Recorded data>

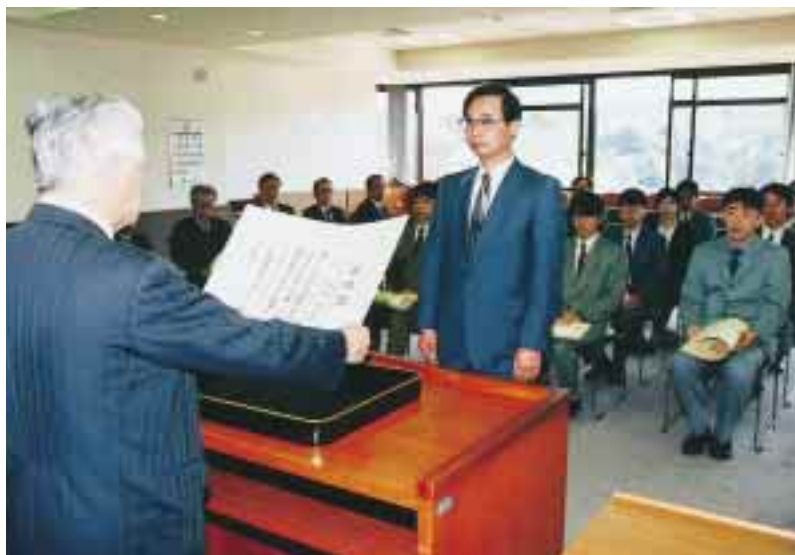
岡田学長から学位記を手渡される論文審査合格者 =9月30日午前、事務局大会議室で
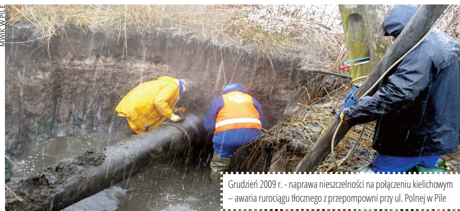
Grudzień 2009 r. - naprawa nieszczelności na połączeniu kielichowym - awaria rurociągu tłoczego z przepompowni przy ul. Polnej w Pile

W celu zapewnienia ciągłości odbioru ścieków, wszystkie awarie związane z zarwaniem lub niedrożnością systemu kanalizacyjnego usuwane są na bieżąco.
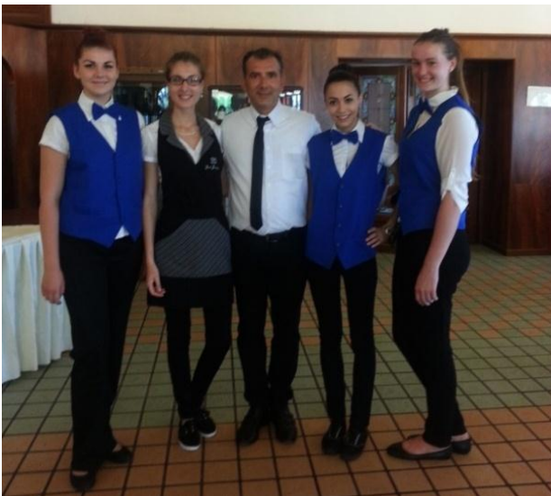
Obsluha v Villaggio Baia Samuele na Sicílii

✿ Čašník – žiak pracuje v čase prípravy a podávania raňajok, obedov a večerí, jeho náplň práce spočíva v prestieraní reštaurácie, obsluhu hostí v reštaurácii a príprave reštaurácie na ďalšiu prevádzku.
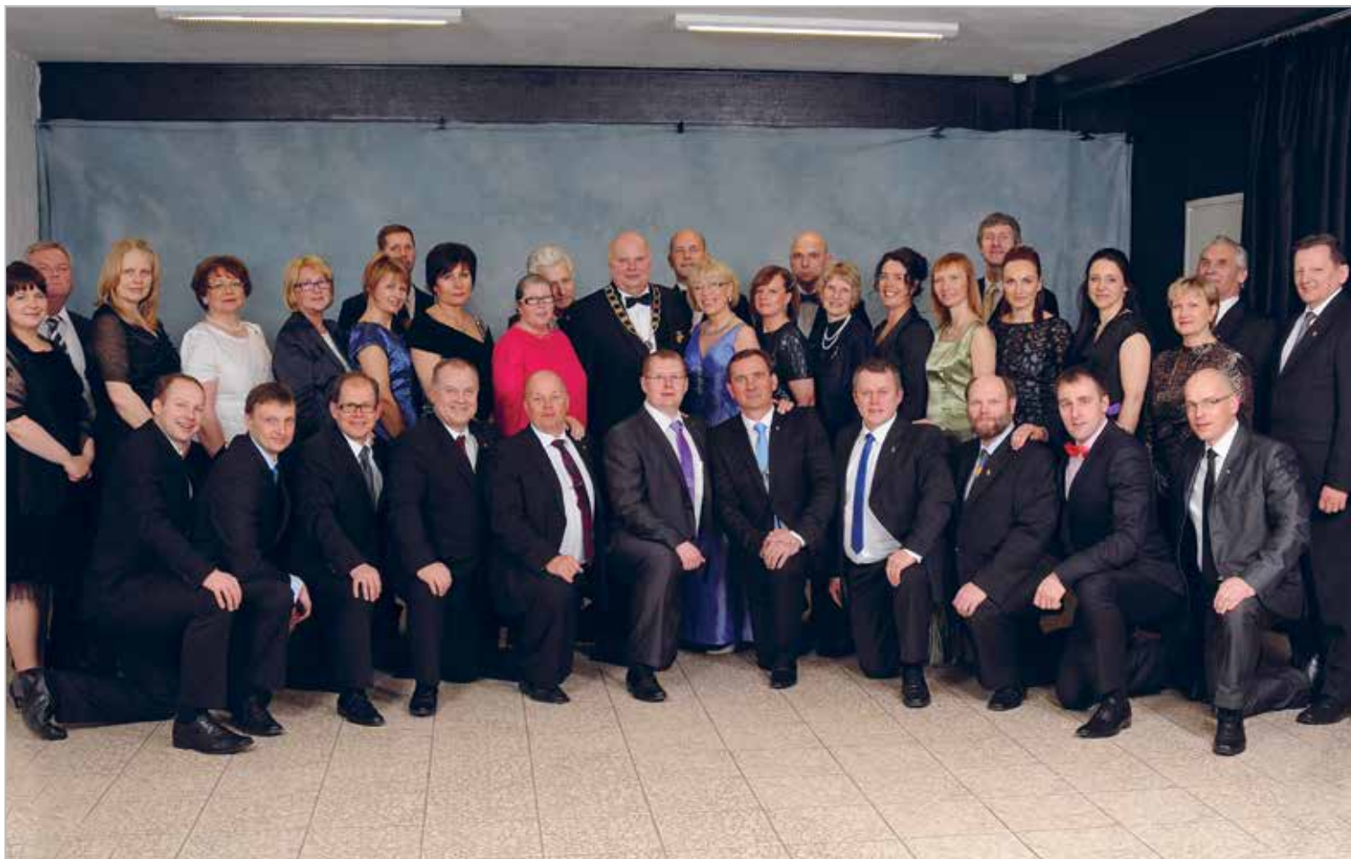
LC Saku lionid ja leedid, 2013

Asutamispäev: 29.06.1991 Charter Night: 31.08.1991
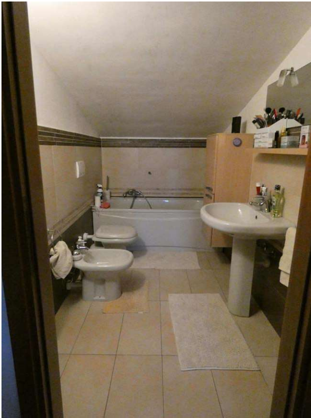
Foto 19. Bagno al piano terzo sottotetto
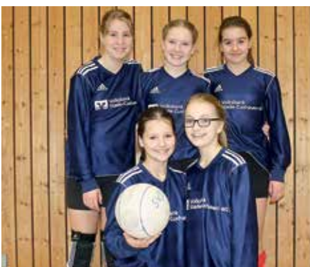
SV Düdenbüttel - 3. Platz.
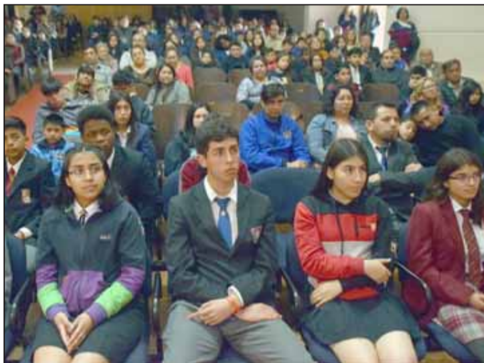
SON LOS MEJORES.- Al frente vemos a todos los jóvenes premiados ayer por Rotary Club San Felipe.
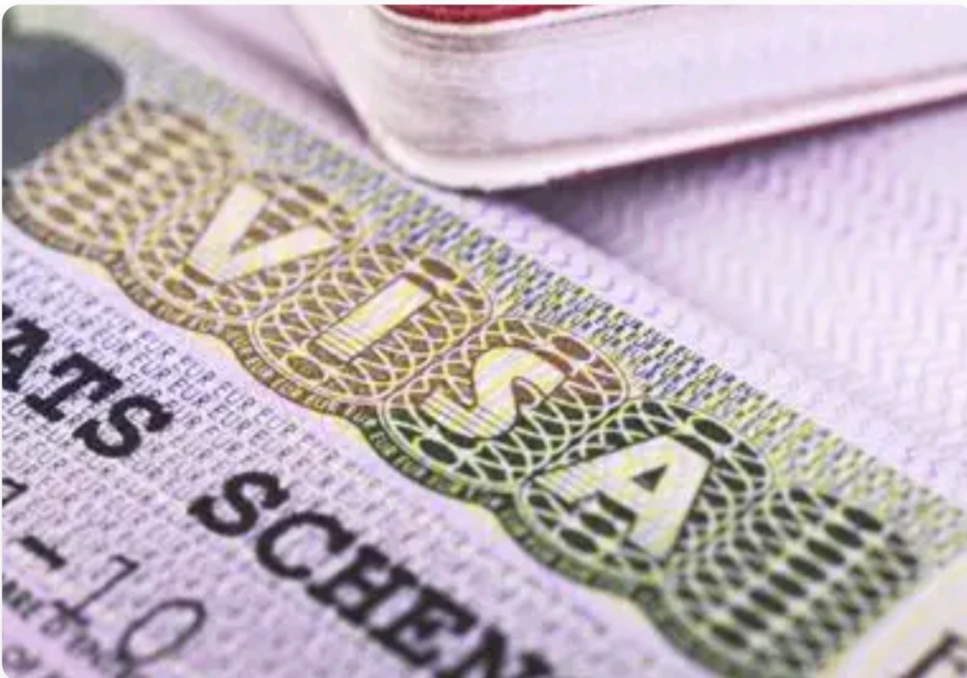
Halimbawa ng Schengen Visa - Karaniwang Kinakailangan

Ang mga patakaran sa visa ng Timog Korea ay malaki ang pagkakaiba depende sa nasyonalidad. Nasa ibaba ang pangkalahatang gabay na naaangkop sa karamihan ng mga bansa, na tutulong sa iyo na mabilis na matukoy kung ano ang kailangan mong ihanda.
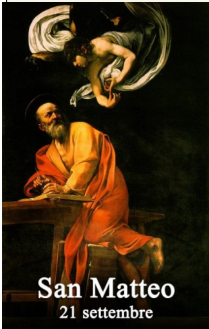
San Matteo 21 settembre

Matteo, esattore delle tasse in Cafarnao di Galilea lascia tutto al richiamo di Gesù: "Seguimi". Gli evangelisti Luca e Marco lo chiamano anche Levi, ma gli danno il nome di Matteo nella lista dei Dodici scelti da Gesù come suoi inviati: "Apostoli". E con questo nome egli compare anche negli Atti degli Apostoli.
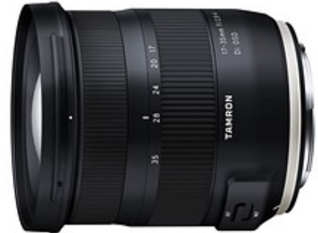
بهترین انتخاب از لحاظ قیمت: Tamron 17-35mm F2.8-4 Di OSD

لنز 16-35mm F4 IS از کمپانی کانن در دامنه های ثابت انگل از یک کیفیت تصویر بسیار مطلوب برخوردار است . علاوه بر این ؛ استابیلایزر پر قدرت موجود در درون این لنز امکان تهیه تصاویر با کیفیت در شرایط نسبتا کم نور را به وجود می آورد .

Required work> Exactly reproduce the lines that run from the first line of the listing above to the line containing "Obsluha v Villaggio Baia Samuele na Sicílii", including both; omit the pictures.

Written reply>
岡田学長から学位記を手渡される論文審査合格者 =9月30日午前、事務局大会議室で
Grudzień 2009 r. - naprawa nieszczelności na połączeniu kielichowym - awaria rurociągu tłoczego z przepompowni przy ul. Polnej w Pile

W celu zapewnienia ciągłości odbioru ścieków, wszystkie awarie związane z zarwaniem lub niedrożnością systemu kanalizacyjnego usuwane są na bieżąco.
Obsluha v Villaggio Baia Samuele na Sicílii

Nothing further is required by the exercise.